● Task objective:
The material below includes pictures; leave them out and return only the lines between the line containing "代表の子どもがあいさつし、お礼のメッセージカードを渡しました。" and the line containing "This was made", inclusive, word for word.

● Provided records:
◆ ◆ ◆

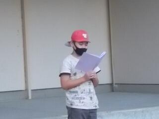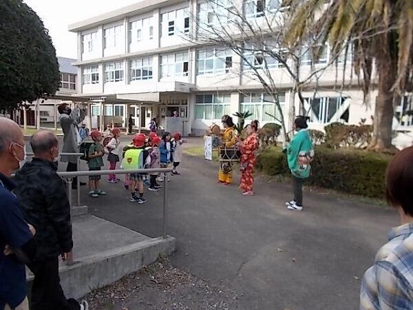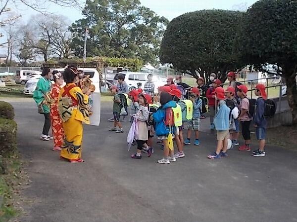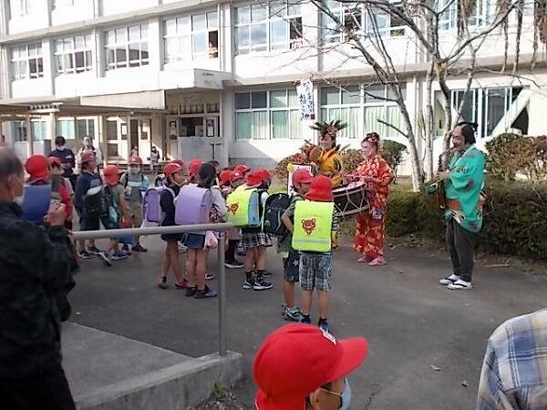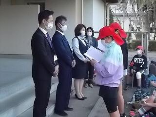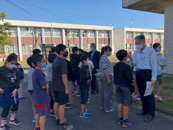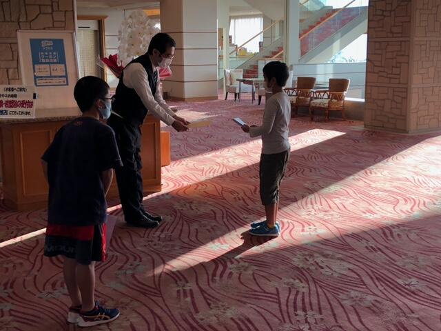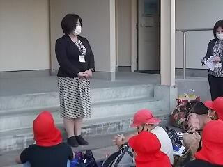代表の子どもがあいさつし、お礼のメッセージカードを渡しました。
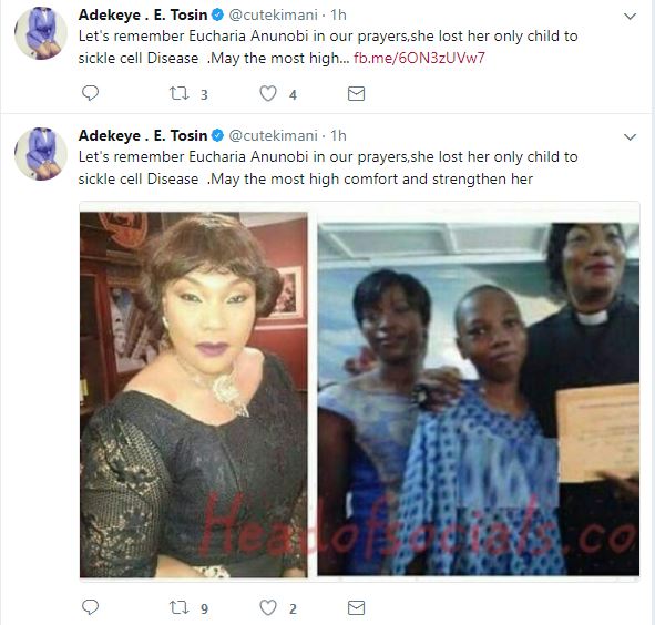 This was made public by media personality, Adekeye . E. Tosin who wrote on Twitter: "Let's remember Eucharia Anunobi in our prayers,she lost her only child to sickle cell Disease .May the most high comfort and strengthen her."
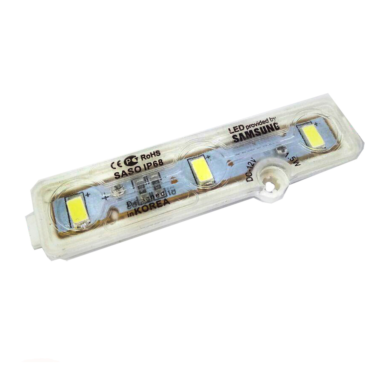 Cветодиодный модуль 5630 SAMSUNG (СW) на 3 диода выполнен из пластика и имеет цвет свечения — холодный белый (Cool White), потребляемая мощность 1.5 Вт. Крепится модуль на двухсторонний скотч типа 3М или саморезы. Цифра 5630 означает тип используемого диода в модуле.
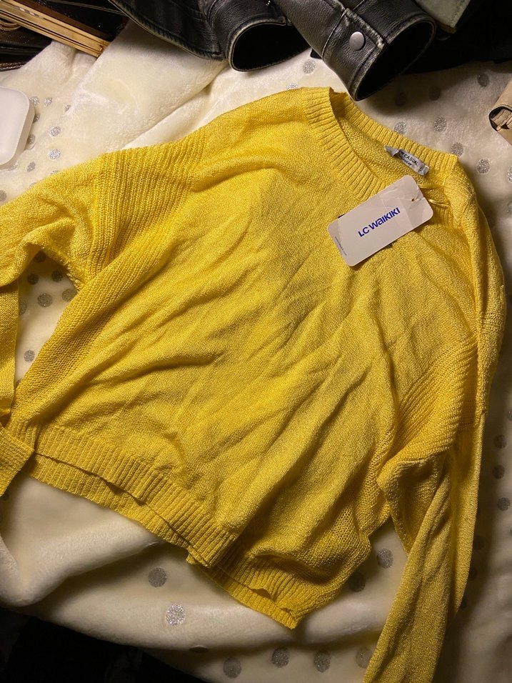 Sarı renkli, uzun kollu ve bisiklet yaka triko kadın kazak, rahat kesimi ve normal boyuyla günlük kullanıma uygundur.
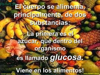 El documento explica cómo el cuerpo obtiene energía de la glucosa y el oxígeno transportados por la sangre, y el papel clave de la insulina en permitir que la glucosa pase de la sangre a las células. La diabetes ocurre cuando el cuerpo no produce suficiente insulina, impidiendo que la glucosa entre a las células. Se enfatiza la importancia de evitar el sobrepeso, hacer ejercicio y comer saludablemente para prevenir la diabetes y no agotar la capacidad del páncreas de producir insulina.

◆ ◆ ◆

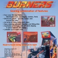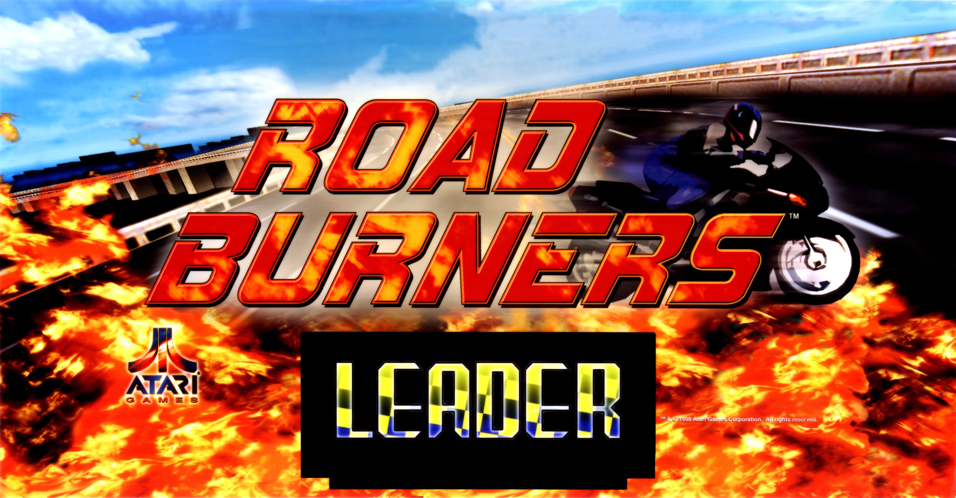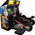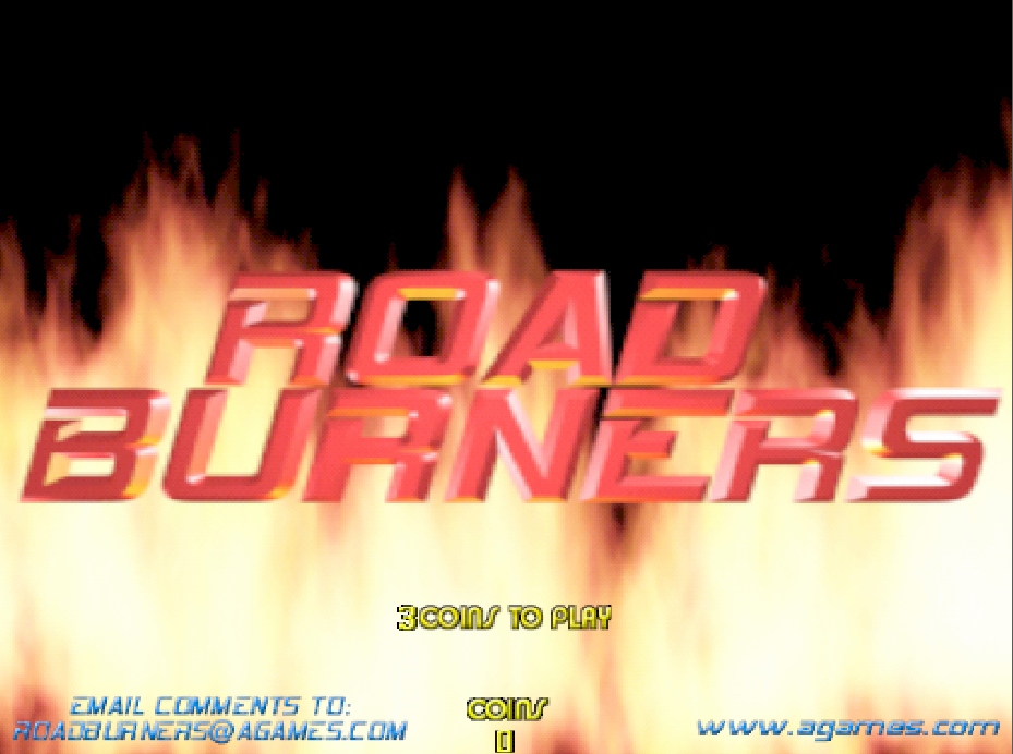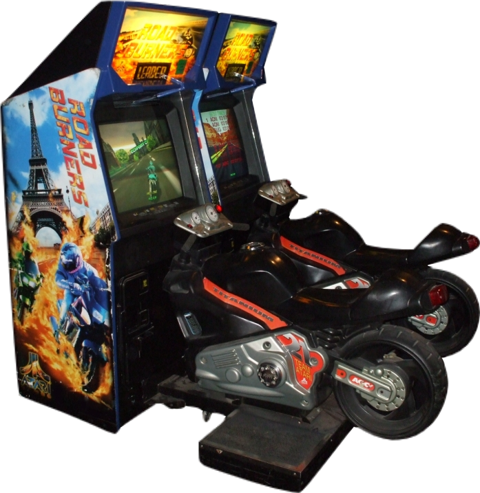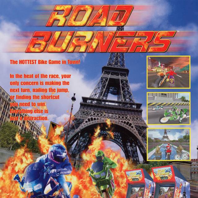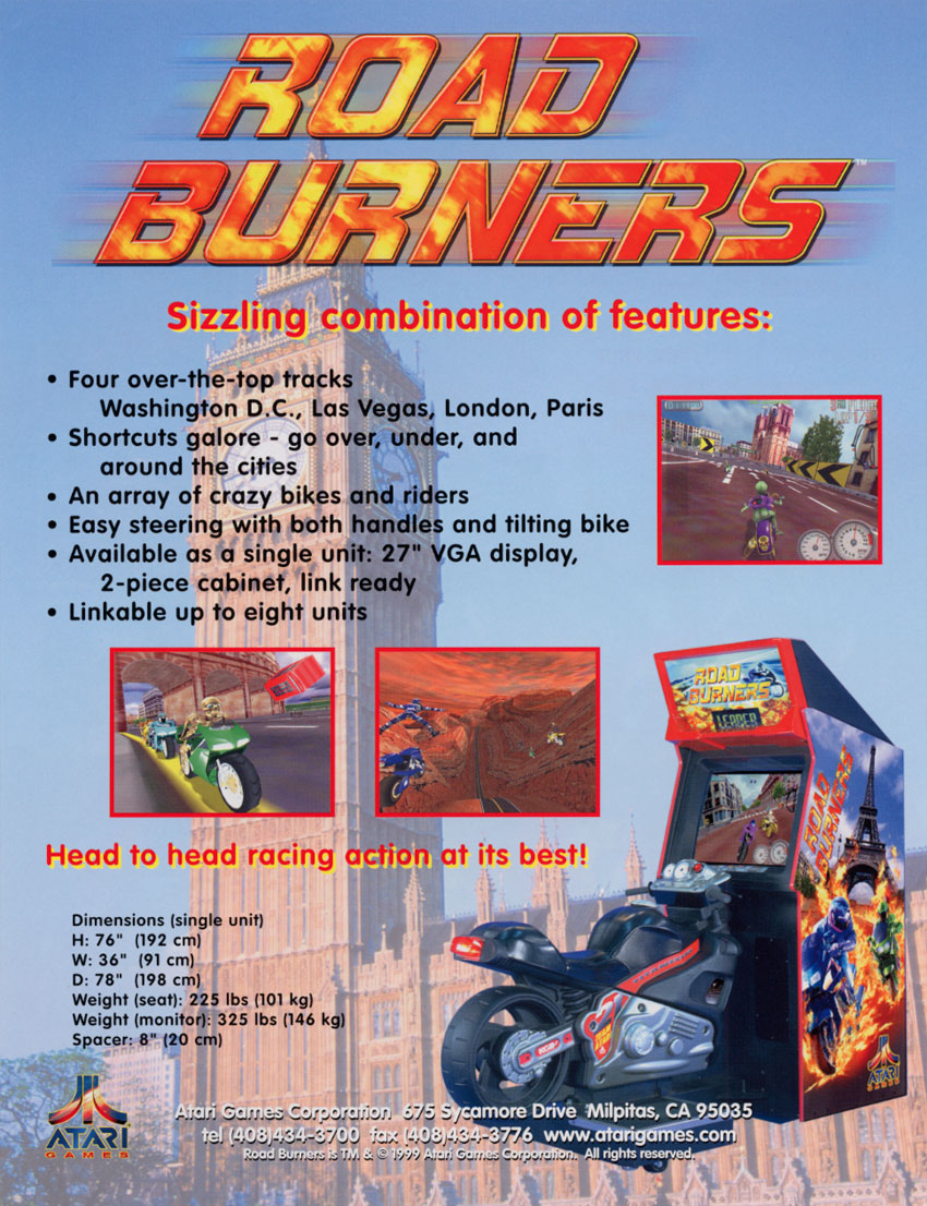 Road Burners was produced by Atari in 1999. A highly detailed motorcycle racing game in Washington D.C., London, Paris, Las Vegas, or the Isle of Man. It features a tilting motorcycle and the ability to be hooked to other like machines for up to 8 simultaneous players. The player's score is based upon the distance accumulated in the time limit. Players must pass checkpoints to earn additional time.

◆ ◆ ◆

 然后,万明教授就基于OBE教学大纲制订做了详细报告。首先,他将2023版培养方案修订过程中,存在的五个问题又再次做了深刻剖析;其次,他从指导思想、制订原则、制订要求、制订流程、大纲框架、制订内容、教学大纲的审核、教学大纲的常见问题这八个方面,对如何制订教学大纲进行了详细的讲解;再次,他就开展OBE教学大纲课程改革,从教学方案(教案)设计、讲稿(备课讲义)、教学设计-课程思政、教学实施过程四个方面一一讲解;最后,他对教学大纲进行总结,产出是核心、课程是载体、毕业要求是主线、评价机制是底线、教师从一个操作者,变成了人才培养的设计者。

◆ ◆ ◆

● Solution below:
代表の子どもがあいさつし、お礼のメッセージカードを渡しました。
 This was made public by media personality, Adekeye . E. Tosin who wrote on Twitter: "Let's remember Eucharia Anunobi in our prayers,she lost her only child to sickle cell Disease .May the most high comfort and strengthen her."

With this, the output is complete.